In about 30-50% cases, even after delirium is resolved, elderly patients are additionally affected by post-operative cognitive dysfunction (POCD) (13). Other than as sequelae to post-operative delirium, it can independently occur after surgeries up to 3 months. POCD refers to deterioration in cognition temporally associated with surgery as quantified by
neurophysiological tests. Its incidence among patients older than 65 years is about 25.8% at ne week and 9.9% at three months following surgery (14).
Although aetiology of both these are not completely understood, a multicausal association of neuroinflammation, brain network dysfunction, endocrine stress response and neurotransmitter imbalance is described in literature (15). Frailty has been found to have strong association with post-operative delirium (POD), and to a lesser extent with cognitive dysfunction (POCD)(16). However there is no established data regarding the same in non-cardiac surgery in Indian population.
This study aims at observing a correlation between presence of frailty in pre-operative period in the elderly Indian population undergoing orthopaedic surgeries with the occurrence of delirium and cognitive dysfunction in the post-operative period. We also try to determine if the presence of frailty and sarcopenia is associated with increased incidence of postoperative morbidity such as cardiac, pulmonary, renal complications, deep vein thrombosis, surgical site infection, length of hospital stay, length of ICU stay, readmission rates and mortality rates.

HYPOTHESIS: Frailty in elderly population is associated with post-operative delirium and cognitive dysfunction.
PRIMARY OBJECTIVE :
To determine the association between pre-operative frailty in elderly patients undergoing spinal surgery under general anaesthesia with post-operative delirium.
SECONDARY OBJECTIVES:
1) To determine the association between pre-operative frailty in elderly patients undergoing spinal surgery under general anaesthesia with post-operative cognitive dysfunction.
2) To determine the association between sarcopenia in elderly patients undergoing spinal surgery under general anaesthesia with post-operative delirium.
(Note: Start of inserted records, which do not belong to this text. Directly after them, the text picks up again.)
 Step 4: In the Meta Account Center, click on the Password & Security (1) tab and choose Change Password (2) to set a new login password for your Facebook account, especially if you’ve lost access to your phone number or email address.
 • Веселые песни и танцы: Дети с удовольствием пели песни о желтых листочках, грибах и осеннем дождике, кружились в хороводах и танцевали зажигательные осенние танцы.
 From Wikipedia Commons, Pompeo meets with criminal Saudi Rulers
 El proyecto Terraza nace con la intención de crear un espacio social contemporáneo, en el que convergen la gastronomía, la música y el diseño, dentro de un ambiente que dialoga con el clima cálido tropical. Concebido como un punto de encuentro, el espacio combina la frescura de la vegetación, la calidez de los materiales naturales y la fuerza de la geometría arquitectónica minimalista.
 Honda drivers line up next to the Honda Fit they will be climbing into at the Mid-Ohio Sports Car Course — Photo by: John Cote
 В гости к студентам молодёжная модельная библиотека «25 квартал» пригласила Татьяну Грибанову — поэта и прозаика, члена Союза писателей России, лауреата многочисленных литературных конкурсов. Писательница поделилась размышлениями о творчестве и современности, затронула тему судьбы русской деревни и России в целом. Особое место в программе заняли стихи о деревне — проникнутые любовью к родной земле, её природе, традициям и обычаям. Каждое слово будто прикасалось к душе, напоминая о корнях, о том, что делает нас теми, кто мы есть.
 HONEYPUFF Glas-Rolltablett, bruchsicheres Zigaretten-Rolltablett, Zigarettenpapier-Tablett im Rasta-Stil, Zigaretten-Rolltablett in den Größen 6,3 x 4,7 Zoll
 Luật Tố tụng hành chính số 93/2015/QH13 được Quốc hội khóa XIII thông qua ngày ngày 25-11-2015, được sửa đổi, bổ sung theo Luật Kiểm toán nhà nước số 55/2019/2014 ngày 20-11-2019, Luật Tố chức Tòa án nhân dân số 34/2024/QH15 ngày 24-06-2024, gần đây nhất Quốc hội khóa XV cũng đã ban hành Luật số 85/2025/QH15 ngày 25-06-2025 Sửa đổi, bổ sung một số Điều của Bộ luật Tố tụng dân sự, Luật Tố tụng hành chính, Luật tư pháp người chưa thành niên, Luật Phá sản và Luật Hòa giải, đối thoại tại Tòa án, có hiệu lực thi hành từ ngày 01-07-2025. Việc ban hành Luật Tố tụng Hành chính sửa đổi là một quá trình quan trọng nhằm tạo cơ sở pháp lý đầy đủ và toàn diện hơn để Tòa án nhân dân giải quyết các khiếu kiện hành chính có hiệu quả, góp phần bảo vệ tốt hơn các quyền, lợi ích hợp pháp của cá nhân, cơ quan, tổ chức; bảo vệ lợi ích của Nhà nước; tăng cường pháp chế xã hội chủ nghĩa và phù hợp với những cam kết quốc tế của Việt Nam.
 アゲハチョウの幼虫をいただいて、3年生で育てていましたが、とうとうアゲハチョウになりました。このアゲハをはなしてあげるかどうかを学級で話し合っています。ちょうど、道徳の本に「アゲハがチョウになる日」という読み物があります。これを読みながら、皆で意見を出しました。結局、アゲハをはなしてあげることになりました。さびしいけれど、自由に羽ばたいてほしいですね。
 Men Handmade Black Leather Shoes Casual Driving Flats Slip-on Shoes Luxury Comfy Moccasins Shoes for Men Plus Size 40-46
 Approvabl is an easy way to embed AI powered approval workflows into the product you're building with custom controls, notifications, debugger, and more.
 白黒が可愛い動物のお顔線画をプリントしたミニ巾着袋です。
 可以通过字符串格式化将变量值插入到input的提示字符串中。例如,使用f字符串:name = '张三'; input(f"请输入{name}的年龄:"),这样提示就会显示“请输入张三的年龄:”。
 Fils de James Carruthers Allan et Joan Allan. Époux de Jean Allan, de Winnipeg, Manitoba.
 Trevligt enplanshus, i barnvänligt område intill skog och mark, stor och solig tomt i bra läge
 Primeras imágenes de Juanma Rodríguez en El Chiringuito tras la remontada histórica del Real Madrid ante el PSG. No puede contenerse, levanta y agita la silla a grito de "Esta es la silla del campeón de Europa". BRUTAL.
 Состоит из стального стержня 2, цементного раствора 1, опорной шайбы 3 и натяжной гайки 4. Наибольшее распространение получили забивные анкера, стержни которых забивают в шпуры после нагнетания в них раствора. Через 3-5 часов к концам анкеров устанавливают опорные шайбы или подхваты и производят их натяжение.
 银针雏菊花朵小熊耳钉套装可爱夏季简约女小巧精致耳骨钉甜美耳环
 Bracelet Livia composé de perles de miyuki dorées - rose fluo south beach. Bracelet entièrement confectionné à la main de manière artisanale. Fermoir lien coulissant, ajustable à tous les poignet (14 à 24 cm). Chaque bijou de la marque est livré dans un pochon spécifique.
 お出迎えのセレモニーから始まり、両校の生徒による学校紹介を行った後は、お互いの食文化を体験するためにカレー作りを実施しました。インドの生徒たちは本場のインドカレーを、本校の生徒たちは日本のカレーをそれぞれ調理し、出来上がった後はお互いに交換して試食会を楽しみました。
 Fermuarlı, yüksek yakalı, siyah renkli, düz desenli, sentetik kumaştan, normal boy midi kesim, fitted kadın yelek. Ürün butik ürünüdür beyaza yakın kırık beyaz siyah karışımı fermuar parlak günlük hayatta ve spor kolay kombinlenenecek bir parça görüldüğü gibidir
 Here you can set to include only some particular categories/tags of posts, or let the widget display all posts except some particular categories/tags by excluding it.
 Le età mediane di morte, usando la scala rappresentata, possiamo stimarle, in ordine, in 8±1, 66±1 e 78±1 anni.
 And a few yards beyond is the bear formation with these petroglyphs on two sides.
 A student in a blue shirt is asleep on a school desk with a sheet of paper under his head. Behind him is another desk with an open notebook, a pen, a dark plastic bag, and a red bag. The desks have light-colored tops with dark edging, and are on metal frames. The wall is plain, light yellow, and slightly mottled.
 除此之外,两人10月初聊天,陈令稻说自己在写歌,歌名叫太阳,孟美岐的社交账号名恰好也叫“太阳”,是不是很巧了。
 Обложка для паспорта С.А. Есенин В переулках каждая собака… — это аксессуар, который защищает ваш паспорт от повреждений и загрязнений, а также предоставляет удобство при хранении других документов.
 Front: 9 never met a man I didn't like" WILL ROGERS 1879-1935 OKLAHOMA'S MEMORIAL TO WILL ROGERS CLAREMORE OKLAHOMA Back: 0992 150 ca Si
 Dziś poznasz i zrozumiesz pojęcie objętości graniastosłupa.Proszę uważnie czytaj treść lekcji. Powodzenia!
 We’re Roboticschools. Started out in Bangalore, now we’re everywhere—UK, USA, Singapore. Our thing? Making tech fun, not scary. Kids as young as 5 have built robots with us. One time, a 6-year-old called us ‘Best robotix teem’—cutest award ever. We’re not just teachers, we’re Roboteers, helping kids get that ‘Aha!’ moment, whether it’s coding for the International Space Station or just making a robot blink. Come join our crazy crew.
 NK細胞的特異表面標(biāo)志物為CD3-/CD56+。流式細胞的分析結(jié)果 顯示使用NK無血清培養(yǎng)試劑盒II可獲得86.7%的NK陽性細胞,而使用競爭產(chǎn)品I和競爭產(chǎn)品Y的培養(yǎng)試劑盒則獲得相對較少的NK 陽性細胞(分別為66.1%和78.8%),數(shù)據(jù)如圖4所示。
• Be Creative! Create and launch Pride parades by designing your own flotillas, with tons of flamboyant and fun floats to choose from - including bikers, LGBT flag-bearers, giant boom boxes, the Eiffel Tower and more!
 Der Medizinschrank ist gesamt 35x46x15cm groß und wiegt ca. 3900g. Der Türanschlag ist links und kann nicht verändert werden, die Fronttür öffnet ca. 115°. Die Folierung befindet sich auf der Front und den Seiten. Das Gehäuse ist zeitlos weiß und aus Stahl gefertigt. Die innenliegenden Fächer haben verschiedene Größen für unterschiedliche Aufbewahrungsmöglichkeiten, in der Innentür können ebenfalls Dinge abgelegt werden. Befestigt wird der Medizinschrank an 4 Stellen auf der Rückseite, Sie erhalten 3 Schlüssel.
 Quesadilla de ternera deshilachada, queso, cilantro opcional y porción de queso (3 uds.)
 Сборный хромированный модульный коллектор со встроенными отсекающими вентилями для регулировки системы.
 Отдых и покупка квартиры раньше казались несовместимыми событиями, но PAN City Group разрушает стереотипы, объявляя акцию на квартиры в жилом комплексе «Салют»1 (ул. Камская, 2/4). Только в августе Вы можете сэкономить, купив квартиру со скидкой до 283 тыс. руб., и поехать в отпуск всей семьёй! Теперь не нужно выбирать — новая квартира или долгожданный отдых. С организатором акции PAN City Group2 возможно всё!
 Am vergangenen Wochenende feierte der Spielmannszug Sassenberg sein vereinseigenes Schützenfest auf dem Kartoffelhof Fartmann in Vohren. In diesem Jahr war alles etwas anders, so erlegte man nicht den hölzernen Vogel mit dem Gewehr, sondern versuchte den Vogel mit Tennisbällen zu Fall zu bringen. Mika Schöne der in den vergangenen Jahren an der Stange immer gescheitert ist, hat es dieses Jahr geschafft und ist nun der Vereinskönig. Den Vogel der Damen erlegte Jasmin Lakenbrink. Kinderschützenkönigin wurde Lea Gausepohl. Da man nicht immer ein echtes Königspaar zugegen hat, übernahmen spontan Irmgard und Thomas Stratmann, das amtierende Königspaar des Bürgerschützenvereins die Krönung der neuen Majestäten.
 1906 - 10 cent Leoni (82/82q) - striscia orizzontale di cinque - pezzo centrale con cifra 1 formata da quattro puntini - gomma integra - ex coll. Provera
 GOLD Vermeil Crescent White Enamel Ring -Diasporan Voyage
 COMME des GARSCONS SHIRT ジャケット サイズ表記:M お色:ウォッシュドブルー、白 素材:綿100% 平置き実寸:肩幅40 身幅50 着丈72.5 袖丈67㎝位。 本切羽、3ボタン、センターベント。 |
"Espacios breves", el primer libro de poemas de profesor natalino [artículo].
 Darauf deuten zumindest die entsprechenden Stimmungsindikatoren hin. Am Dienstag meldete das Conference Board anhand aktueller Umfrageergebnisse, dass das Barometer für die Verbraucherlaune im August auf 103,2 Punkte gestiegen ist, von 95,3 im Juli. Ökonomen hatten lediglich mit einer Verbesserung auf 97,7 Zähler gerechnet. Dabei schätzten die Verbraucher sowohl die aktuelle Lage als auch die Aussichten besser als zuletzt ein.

3) To determine the association between sarcopenia in elderly patients undergoing spinal surgery under general anaesthesia with post-operative cognitive dysfunction.
4) To determine the correlation between sarcopenia and post-operative morbidity and mortality.
5) To compare the discriminative ability of modified frailty index and ASA classification to predict morbidity and mortality.